Cyber wrap
24 May 2017|

Image courtesy of Pixabay user stellabelle.

The fallout from the WannaCry ransomware incident continued this week. ShadowBrokers, who released the Eternal Blue exploit used by the WannaCry ransomware, have announced a new program where members will gain access to new vulnerabilities and tools, as well as information supposedly stolen from Iranian, Chinese and North Korean missile programs. While ShadowBrokers have been linked to Russian intelligence services, it’s noteworthy that Russia itself was significantly affected by the incident. As expected, additional uses of the EternalBlue exploit have been uncovered, including to install software that mines the cryptocurrency Monero.

Speculation over whether the Hermit Kingdom is behind WannaCry has also continued this week. Cybersecurity firm Symantec’s Security Response team have released further evidence which they claim more closely ties WannaCry to the North Korean-linked Lazarus Group of hackers. Symantec notes that similarities in the tools used in last week’s attack link the ransomware to the tools used in other cyber incidents linked to North Korea—including the 2014 Sony hack and last year’s attack on Bangladesh’s Central bank.
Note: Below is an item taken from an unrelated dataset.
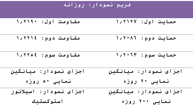 قیمت به تازگی از مقاومت نمایی 20 روزه گذر کرده و امروز در حال تست کردن آن است و اولین مقاومت 1.2190 در بالای قیمت قرار گرفته و اگر قیمت بتواند این مقاومت را بشکند علی رغم ورود استوکستیک به اشباع خرید اما به دلیل افزایش قدرت خریداران، نقطه مناسبی برای ورود تا مقاومت 1.2214 خواهد بود. همچنین اگر قیمت مجددا به زیر حمایت اول خود برگشته با نمایی 50 مواجه می شود که در صورت تشکیل کندل برگشت و افزایش حجم خریداران میتوان برای ورود تا سطح نمایی 20 و پس از آن تا مقاومت اول اقدام کرد.

However, the difference between previous incidents and WannaCry is the nature of the malware’s autonomous propagation through networks using the EternalBlue exploit, whereas previous Lazarus Group linked malware required greater intervention by the hackers, limiting the extent of its spread.

WannaCry has also focused international attention on North Korea’s cyber capabilities. Jim Lewis from CSIS noted that the Sony hack marked a steep change in the nature of North Korean cyber espionage and hacking activity. Lewis notes that before Sony North Korea focused on espionage and harassment of South Korean political targets, but afterwards they’ve increasingly used their skills for criminal activity to generate hard currency for the regime.

Various North Korean People’s Army units have been identified as being involved in cyber operations, but Unit 180 in the Reconnaissance General Bureau has been most closely linked to WannaCry. Greg Austin from UNSW told a seminar in Canberra last week that over 6,000 North Koreans are involved in various aspects of cyber operations including disrupting the South’s military critical infrastructure and command and control systems. And over at the UN, the North Korean Sanctions Committee has warned members to be alert to North Korean hacking after one of its panel of experts was hacked. The warning ominously noted that the hackers had gained ‘very detailed insight’ into the work of the committee.

Another infamous hacking group—variously known as APT3, Gothic Panda and UPS—has been linked to the Chinese Ministry of State Security (MSS) in a blog published by Intrusion Truth, an anonymous cybersecurity blogging group. The post notes the links between two directors of the Guangzhou Boyu Information Technology Group (Boyusec), and the domains used by APT3 for their activities. Boyusec is also linked with Chinese technology firm Huawei, and the US Defense Department reportedly noted in an internal investigation in 2016 that Boyusec and Huawei had been cooperating to develop products with “backdoors” installed to enable future espionage activity. Intrusion Truth believes that Boyusec is contracted to MSS through various intermediary state organs, keeping with that agency’s  conventional intelligence collection methods by utilising  commercial organisations as cover for intelligence collection. APT3 has previously been linked with cyber operations targeting both the US and Hong Kong.

Closer to home, the Australian government has agreed to work with the Information Commissioner to develop a privacy code for Commonwealth agencies. Back in March, Commissioner Tim Pilgrim requested that the new code be developed, spurred by the fact that significant bungles including #censusfail and data breaches from the Health Department and Public Service Commission had the potential to significantly undermine public trust in the government’s ability to manage data appropriately. The code will be implemented in 2018.

Also in Canberra, in an attempt to improve their own skills and attract more tech-savvy people, teams of government cybersecurity personnel will take part in a cyber ‘war game’ this September, hosted by the Department of Human Services. The teams will work on a cyber test range to defend Lego models of trains, bridges and towns.